Using geometric morphometrics to determine the ‘fittest’ floral shape: a case study in large-flowered buzz-pollinated Melastomataceae
Dellinger, Agnes et al. (2023), Using geometric morphometrics to determine the ‘fittest’ floral shape: a case study in large-flowered buzz-pollinated Melastomataceae , Dryad, Dataset, https://doi.org/10.5061/dryad.2fqz612t5
Floral shape, i.e. the relative arrangement and position of floral organs, is critical in mediating fit with pollinators and maximizing conspecific pollen transfer. This seems particularly true for functionally specialized systems. To date, however, few studies have attempted to quantify flowers as the inherently three-dimensional structures that they are, and determine the effect of intraspecific shape variation on pollen transfer. We here address this research gap using a functionally specialized system, buzz pollination, where bees extract pollen through vibrations, as a model. Our study species, Meriania hernandoi (Melastomataceae), undergoes a natural floral shape change from pseudo-campanulate corollas with more actinomorphically-arranged stamens (first day) to open corollas with more zygomorphic stamens (second day) over anthesis, providing a natural experiment to test how variation in floral shape affects male and female fitness.
In one population of M. hernandoi, we bagged 51 pre-anthetic flowers and exposed half of them to bee pollinators when they were in either stage of their shape transition. We then collected flowers, obtained 3D flower models through X-ray Computed Tomography for 3D geometric morphometrics, and counted the amount of pollen grains remaining per stamen (male fitness) and stigmatic pollen loads (female fitness).
We found significantly higher male fitness in open flowers with zygomorphic androecia than in pseudo-campanulate flowers. Female fitness did not differ among floral shapes.
These results suggest that there is an ‘optimal’ shape for male fitness, while the movement of bees around the flower when buzzing the spread-out stamens results in sufficient pollen deposition regardless of floral shape.

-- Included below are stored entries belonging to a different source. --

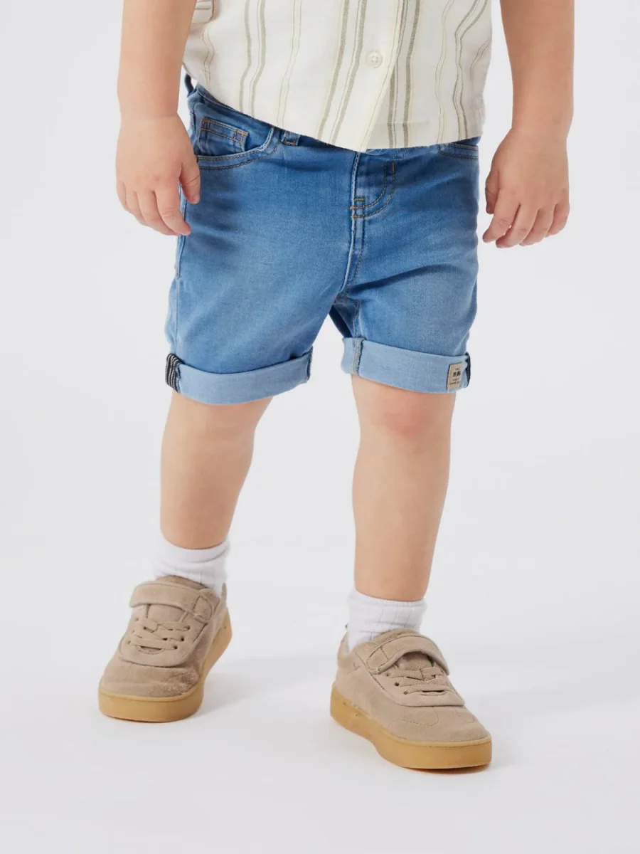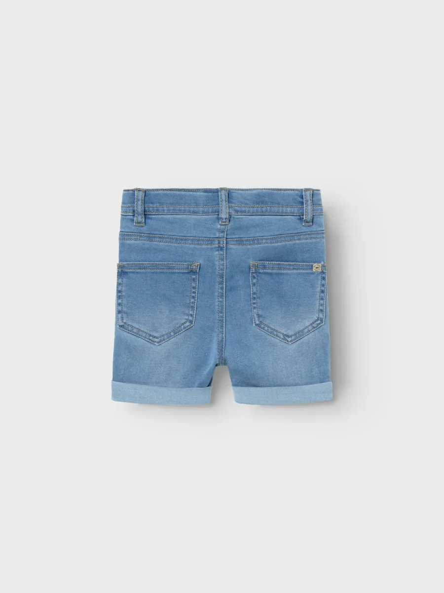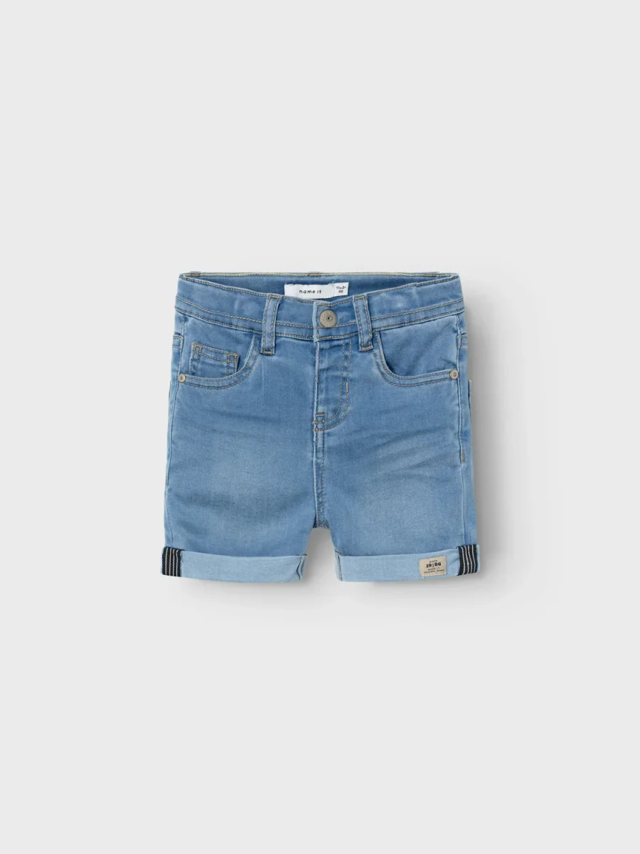 Superstretchiga jeansshorts med reglerbar resår i midjan.
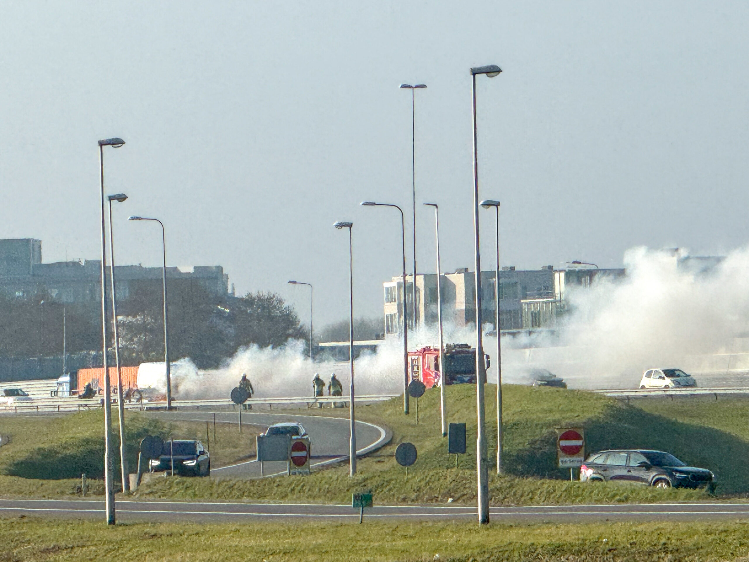 In de omgeving waren er flinke zwarte rookwolken te zien en het ongeval zorgde voor een flinke file. De brandweer had het vuur snel onder controle.
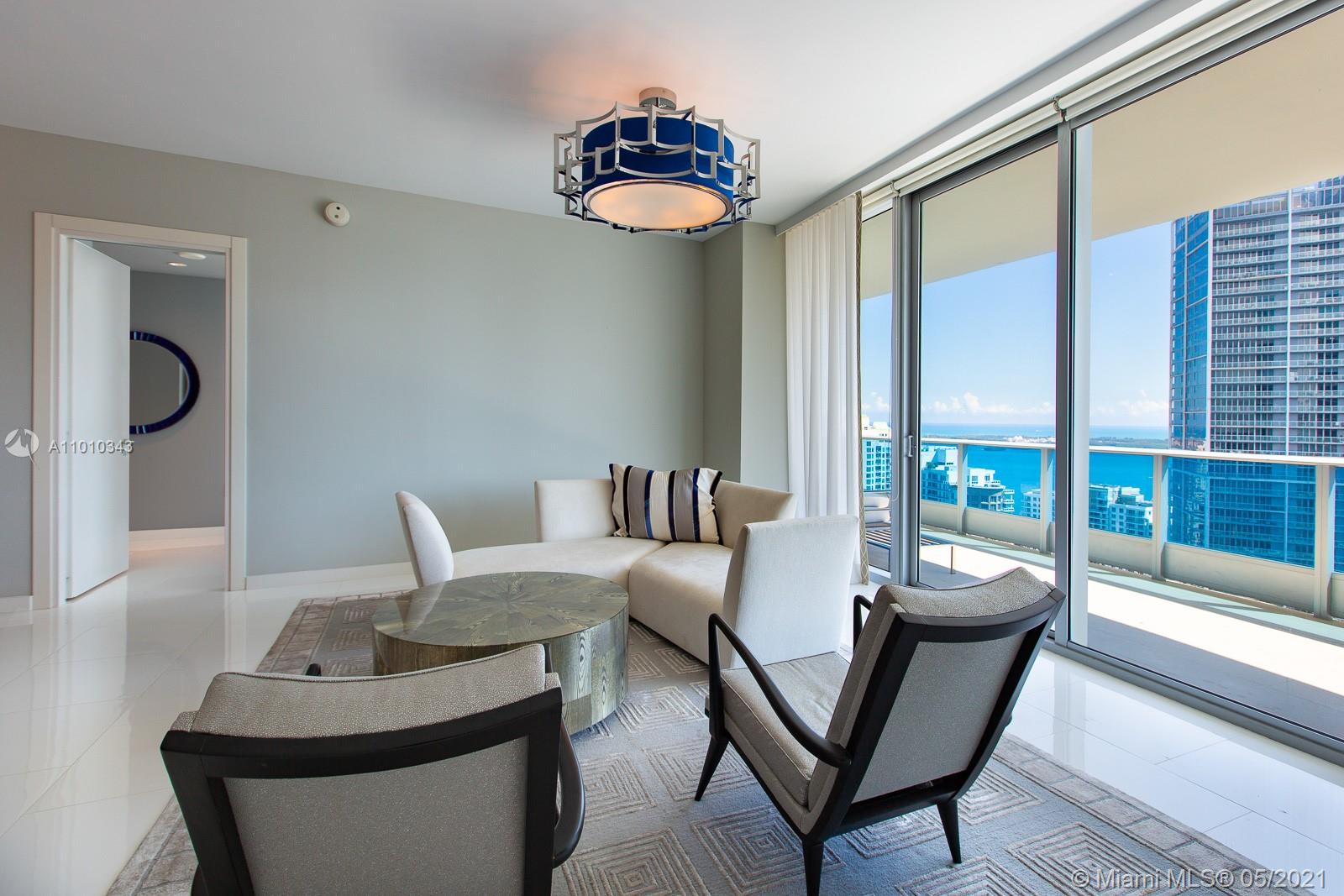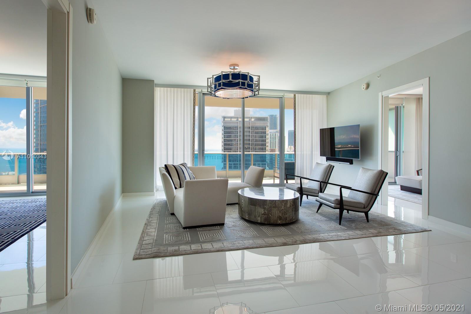 VIEWS- VIEWS -VIEWS! Picture perfect ocean, bay, Miami River, & Miami Skyline vistas from this “EPIC” residence. Spectacular, glamorous, and bright come to mind when describing this designer themed 2/2.5 penthouse-level residence, which is in the highly sought after "04 line" of the building. Have a drink and enjoy the view from the Art Deco themed Italian bar or the spacious 46th floor balcony. The open kitchen is outfitted with Miele and Bosch appliances, and state-of-the-art technology control systems including security, lighting, and window treatments are throughout. Epic residences feature luxury amenities including a private pool for residents and concierge-elements. This turnkey property designed by Taylor & Taylor can also be purchased fully furnished at LIST PRICE.

Experimental field data on pollen removal from flowers and pollen deposition collected in Cosanga, Ecuador; flowers were exposed to pollinators for two hours, then flowers were collected in 70% ethanol, and subsequently micro-CT scanned in the laboratories of the University of Vienna. After CT scanning, stamens were removed from flowers for pollen counting using a liquid particle counter, and stigmas were sliced off flowers for counting stigmatic pollen loads under a fluorescence microscope. Flower shapes were captured through the placement of landmarks on 3D models of the respective flowers, using the software AMIRA, and then analyzed in R. See details in our manuscript.